After suffering from the floods in Queensland and mediocre employment data, the Aussie now faces important data at home and from China. Here’s an outlook for the events down under, and an updated technical analysis for AUD/USD.
China, which already influenced the Australian dollar with a rate hike and a report on slower growth, will impact the Aussie again with GDP and inflation reports, simultaneously. Very interesting week indeed.
AUD/USD daily chart with support and resistance lines marked. Click to enlarge:
- MI Inflation Gauge: Sunday, 23:30. As official inflation figures are released only once per quarter in Australia, this indicator by the Melbourne Institute fills the gap. After dropping to 0.1% two months ago, inflation picked up and reached 0.4% last month. A similar figure is expected now.
- New Motor Vehicle Sales: Monday, 00:30. The volume of sales for this important product serves as a good indicator for the whole economy. A small rise of 0.2% was reported last month. A drop is expected now.
- Westpac Consumer Sentiment: Tuesday, 23:30. 1200 consumers are surveyed for this indicator. After a sharp drop of 5.3% two months ago, a small rise of 0.2% was reported last month. A bigger rise is predicted this time.
- MI Inflation Expectations: Wednesday, 23:30. Completing their similar figure released earlier in the week, inflation expectations went in the opposite direction, dropping below 3% last month to 2.8%. A rise above 3% is now likely.
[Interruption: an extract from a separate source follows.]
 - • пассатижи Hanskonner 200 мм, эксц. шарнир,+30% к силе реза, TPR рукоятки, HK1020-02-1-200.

- Chinese GDP: Thursday, 2:00. Australia’s main trade partner releases two major indicators together. GDP for the fourth quarter of 2010 closes the year and provides also the 2010 figure as well. A growth rate of 9.4% is expected, a bit lower than 9.6% in the previous quarter and still very high. A higher growth is better for Australia.
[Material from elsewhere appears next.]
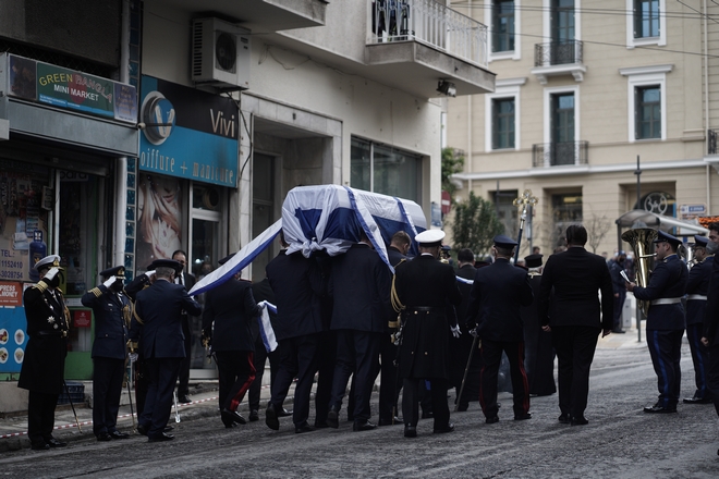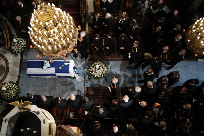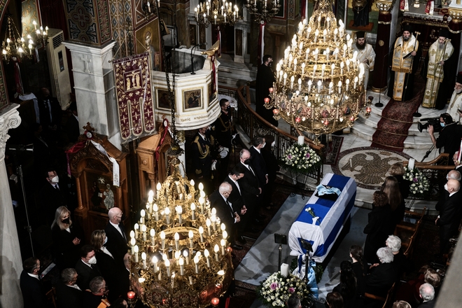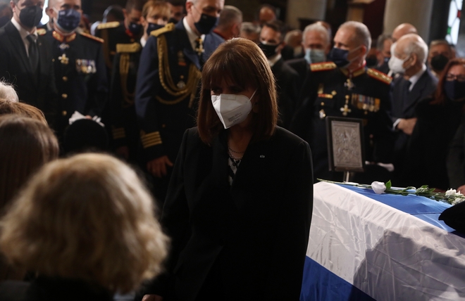 Σήμερα αποχαιρετάμε έναν πιστό και ανυστερόβουλο υπηρέτη του τόπου μας, είπε η Κατερίνα Σακελλαροπούλου στον επικήδειο. Το παρών τον Ιερό Ναό Αγίου Σπυρίδωνος στο Παγκράτι έδωσαν οι πολιτικοί αρχηγοί.

- Chinese CPI: Thursday, 2:00. Prices have become a worry in China, after inflation passed the 5% mark, and triggered a rate hike that hurt the Aussie. Chinese inflation is now predicted to ease to 4.7%. Note that the Chinese authorities raised the reserve ratio requirements in the past weekend. This happened quite frequently in recent months.
- Import Prices: Friday, 00:30. This quarterly figure rose by 0.7% last time, and is now predicted to accelerate and print a 0.9% rise. A rise of above 1.5% might change the picture about a rate hike in Australia.
AUD/USD Technical Analysis
The Aussie continued the decline, falling as low as 0.98, a new line on the chart (didn’t appear last week, before making an attempt to rise but failing to reconquer parity before closing at 0.9886.
The Aussie now faces immediate resistance at 0.915, a line which was a stop on the way up, and served as a pivotal line in recent months. Above, parity is the obvious line of resistance, that also worked well in the past week.
Above, 1.0080 was the bottom line of a high range that the Aussie enjoy in November. 1.0180 is the top border and is another line of resistance. The last line on the upside it 1.0250 – the multi-year high.
Looking down, 0.98 is the immediate line of support, which proved to be strong just now. It’s followed by 0.9724, which was a tough support line in recent months.
0.9660 is the next line of support – it worked in both direction, and especially as support in October. 0.9540 was the bottom in November and also in September, and serves as important support.
Lower, 0.9460 was a stepping stone on the way. The next two lines are neighbors – 0.9366 and 0.9327 worked as resistance lines many times in the past. The last line on the downside is 0.9220, a peak seen many months ago.
I am neutral on AUD/USD.
The impact of the floods is worse than thought earlier. Together with the Chinese tightening moves, they serve as a balance to the strong Australian fundamentals.